People the world over love heroes. Great and not so great novels have been written about our heroes. The story of individual and collective heroism is a part of the defining mythology of every society. Those who get to name heroes are generally those who also write our histories.

We live in a society that compels us to see certain people and professions as heroic. In the face of this horrific pandemic the word hero has been used often. This is obviously with good reason. Those risking their lives to save their fellow citizens are on the frontlines of the most difficult health crisis in modern times. Many of them have paid the ultimate sacrifice. We celebrate them because they gave their lives in the greatest of human feats, trying to save the life of someone other than himself or herself.

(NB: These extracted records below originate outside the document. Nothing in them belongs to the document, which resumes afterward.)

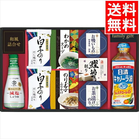 | 白子だし塩のり(8切5枚)×2・わかめスープ(5.3g×2・粉末)・のり玉子ふりかけ(4.5g×2)・永谷園お吸いもの松茸風味(2.3g×2・粉末)・永谷園お茶漬けのり(4.7g×2)・鰹節削り(1.5g×2)・キッコーマン減塩しょうゆ200ml・日清キャノーラ油400g×各1 |
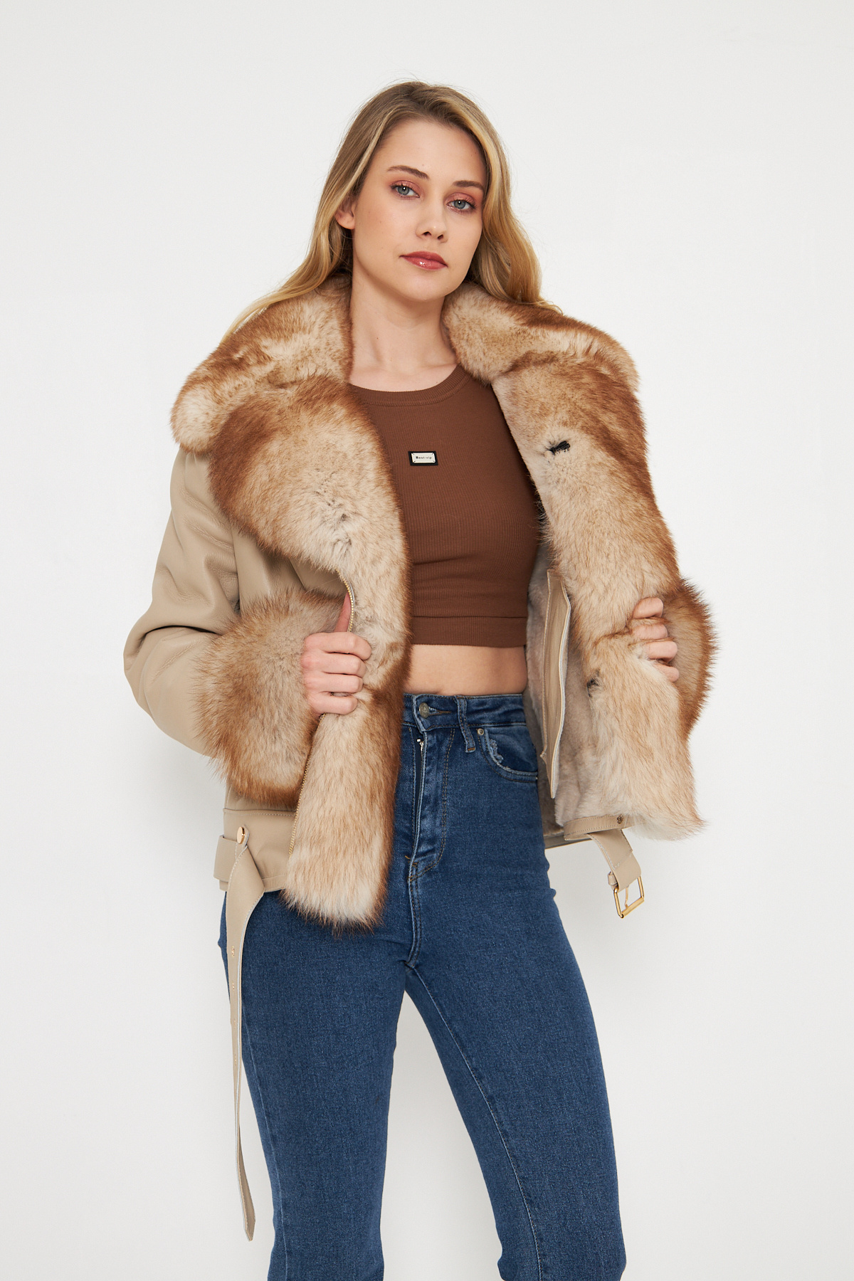Kadın Deri Ceket – İçi Kürklü, Özel Kürk Yakalı, Kemerli, Kürklü Manşetli, 58 cm, Bej - 114522 Kadın Deri Ceket – İçi Kürklü, Özel Kürk Yakalı, Kemerli, Kürklü Manşetli, 58 cm, Bej - 114522 TYC711PNAN170652798209522 XL
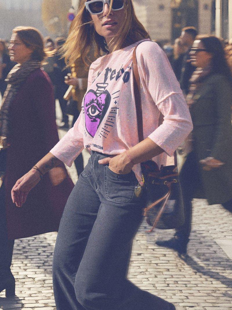 Camiseta rosa jaspeada, con ilustración Salvaje de Corazón, todo el estilo bohemio & rock and roll que necesitas junto!
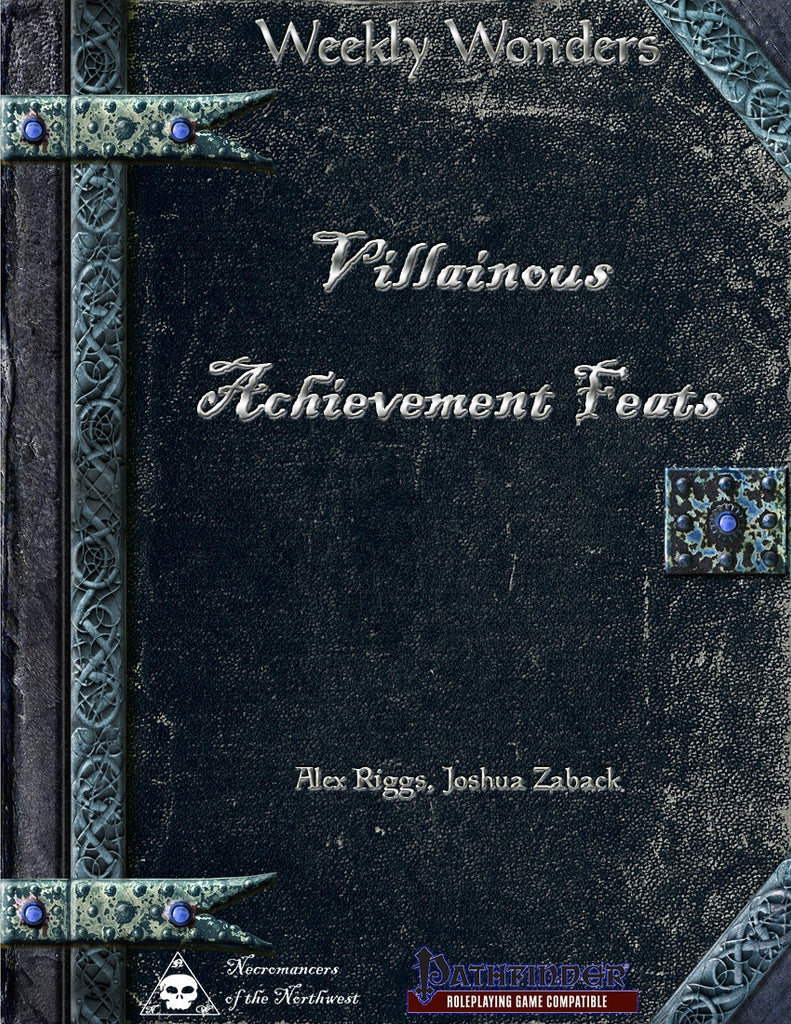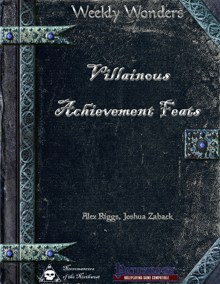 Being a villain isn’t about the powers you have, or the equipment you possess. Being a villain is about all of the horrible, terrible, and ultimately vile things that you do. The ability to cast fireball doesn’t make you villainous, but casting fireball on an orphanage run by nuns will change your alignment to evil real quick. This book presents 21 new achievement feats for villainous characters: feats whose prerequisites require you to complete heinous and nefarious deeds in order for you to be able to take them, providing the players of evil characters with encouragement and tangible rewards for being as evil as possible, and even giving them evil goals to strive to.

It is the ultimate act of selflessness to live your life for the benefit of others. As we pay honor to those daily sacrifices made by so many unnamed heroes I think we need to reassess whom the heroes and heroines in our society are. Some are obvious. We no doubt must honor all of the nurses, doctors and EMT’s that are on the front lines of this pandemic.

Much less better known and not acclaimed are the respiratory therapists in hospitals around the country. This particular virus attacks our lungs and causes severe acute respiratory syndrome – also known as SARS, which is the basis for the official name of the virus SARS-CoV-2. Those in our ICU’s are fighting against lungs that no longer function properly. The respirator therapists are the operators of the ventilators that are in scarce supply but are saving thousands of lives. They have as close contact with COVID-19 patients as anyone.

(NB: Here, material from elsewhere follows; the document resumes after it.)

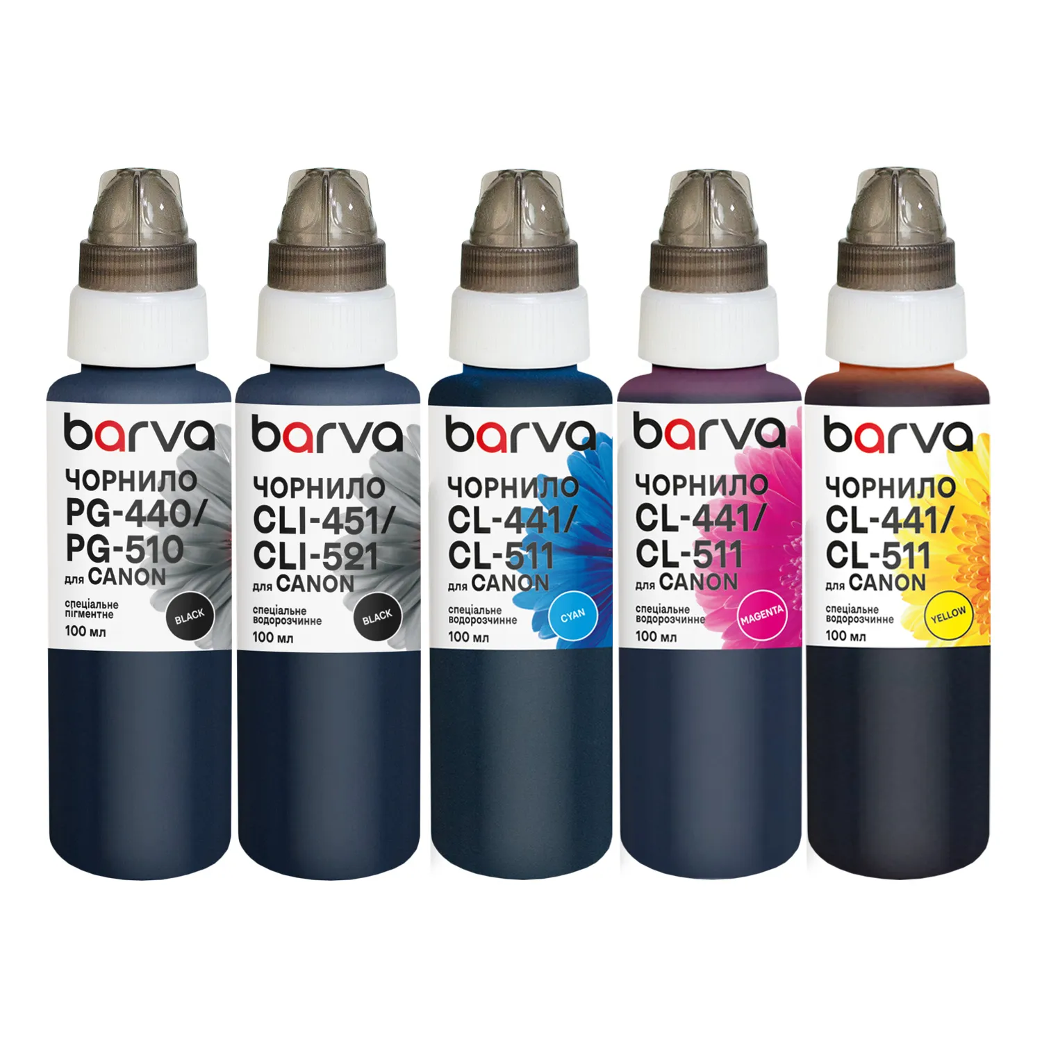 Комплект чернил для Canon PGI-5PGBK + CLI-8BK/C/M/Y специальные 5x100 мл, пигментные/водорастворимые, PGBK/BK/C/M/Y Barva (CPGI5-100-2MP)
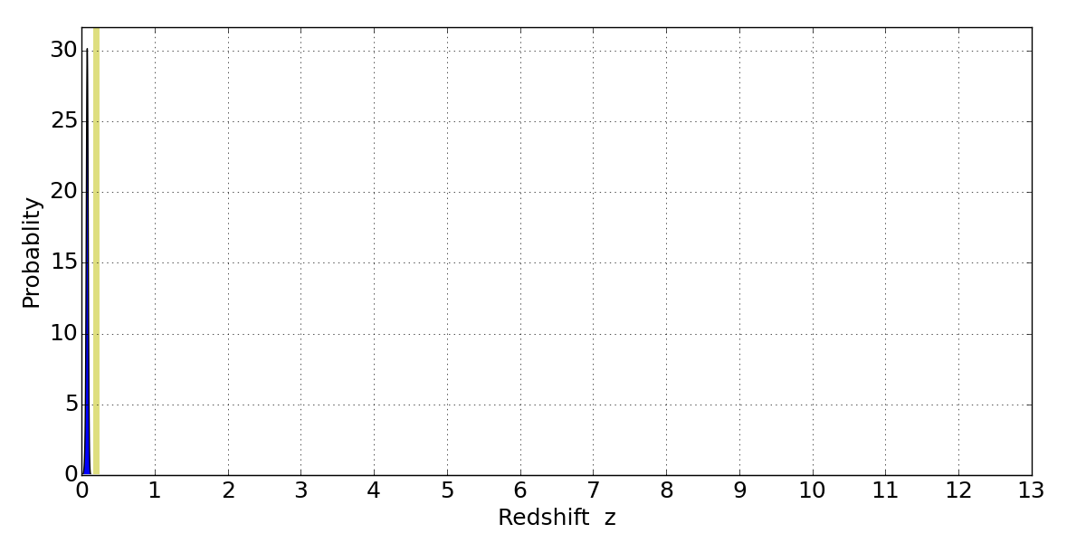 In P(z) plots: Yellow lines mark the cluster redshift z = 0.203,

In China and Italy as well as Spain many healthcare workers have been infected and lost their lives after being in the room with patients. We are beginning to hear about the loss of lives of these same professionals in America. It is truly a grand tragedy when the illness we are fighting is fighting back by killing those best qualified to treat and eventually save our lives. Far too many are overworked, overburdened and close to the breaking point.

None of us can imagine the true difficulty of the sacrifices they are making. We have seen movies and television shows that purportedly show us what it is like on the frontlines of a pandemic. None of them remotely approaches the reality of the lived experiences in the emergency rooms and ICU’s. It’s not possible to explore their emotional roller coaster ride even if we can imagine the physical exhaustion our medical professionals are dealing with.

It is much more than simply the unbelievable intellect and skill required to save lives that we need to understand. Despite their best efforts many patients have and will continue to die. These brave individuals have to live with the pain of seeing people they fought for die daily. They must provide a measure of emotional support for their patients on a level that is generally never required. Because of the nature of the infectiousness of the virus, family members are not allowed to be at the bedside of their loved ones or even in most cases now even in the hospital. These healthcare workers risk bringing the virus back home to their loved ones also.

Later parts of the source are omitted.